Kavraki’s 1996 doctoral dissertation proposed the Probabilistic Roadmap Method (PRM), a technique to plan the motion of robots, which had been an enduring challenge in the field. The Probabilistic Roadmap Method was immediately hailed for its simple implementation and its ability to scale (that is, return reliable results when applied to increasingly large datasets). PRM and the subsequent advances on the original approach are now included as a fundamental tenet of motion planning in most robotics textbooks. Additionally, to aid in the dissemination of her research, Kavraki spearheaded an open source Open Motion Planning Library. The library has been used in more than 30 different robotics systems, and continues to receive new contributions from around the world.

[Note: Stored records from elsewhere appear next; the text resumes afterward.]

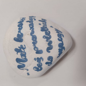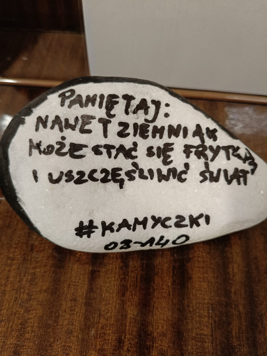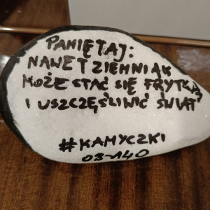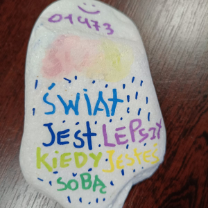 W ostatniej części dnia dzieci malowały kamyczki, które będą nam potrzebne do wykonania kamyczkowej tajnej misji. Oprócz pięknych malowideł znalazły się na nich sentencje, których zadaniem będzie podnieść na duchu, rozweselić lub pocieszyć znalazcę kamyczka. Już wkrótce szukajcie ich na mordzkich dróżkach oraz w innych malowniczych miejscach w naszej okolicy.
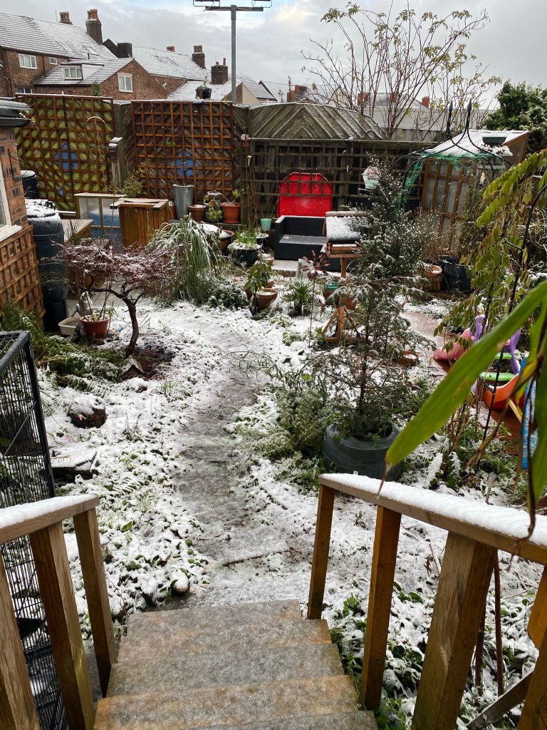Our lettuce is growing in rows on our decking and we have herbs in the living wall with tomatoes growing up the trellis. The only place left to play is on the washing line, even there Ive been known to hang bird feeders and hanging baskets.
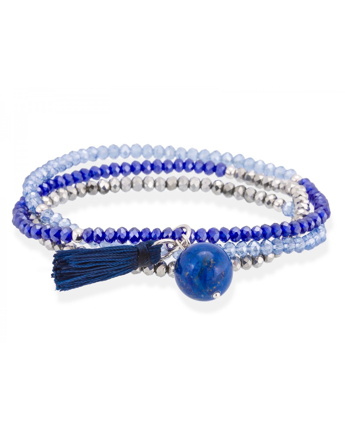 Pulsera de plata de primera ley (925) chapada en oro rosa de 18kt con cristal de Strass facetado color azul cerceta y apatito. (largo: 51 cm.)

Kavraki was also the first to recognize that the motion-planning techniques she was developing in robotics could be applied to great effect in biology and medicine. She wrote new algorithms for the analysis of the motion, shape and flexibility of molecules that had a major impact on computational biology, as well as many subareas, including drug discovery and design. Recently, she has been developing structural methods to identify cross-reactivity hot spots in T-cells. The project has the potential to introduce safer immunotherapy treatments for cancer patients.

In another exciting project that takes her research to new heights, Kavraki has been working with NASA on Robonaut 2 (R2), a humanoid robot with formidable mechanical capability and capacity to work in human-occupied environments. It is anticipated that R2s will help humans in spaceship inspection and maintenance, caretaking tasks in future long missions, and space exploration. The variety of ways in which the robot will need to move, as well as NASA’s hopes that R2 will perform dexterous manipulation—that is, complete delicate tasks with its hands—will require leading-edge motion-planning technology. R2 was expected to be deployed at the International Space Station later in 2017.

Lydia Kavraki will formally receive the 2017-2018 ACM Athena Lecturer Award at ACM's annual Awards Banquet on June 24, 2017 in San Francisco, California.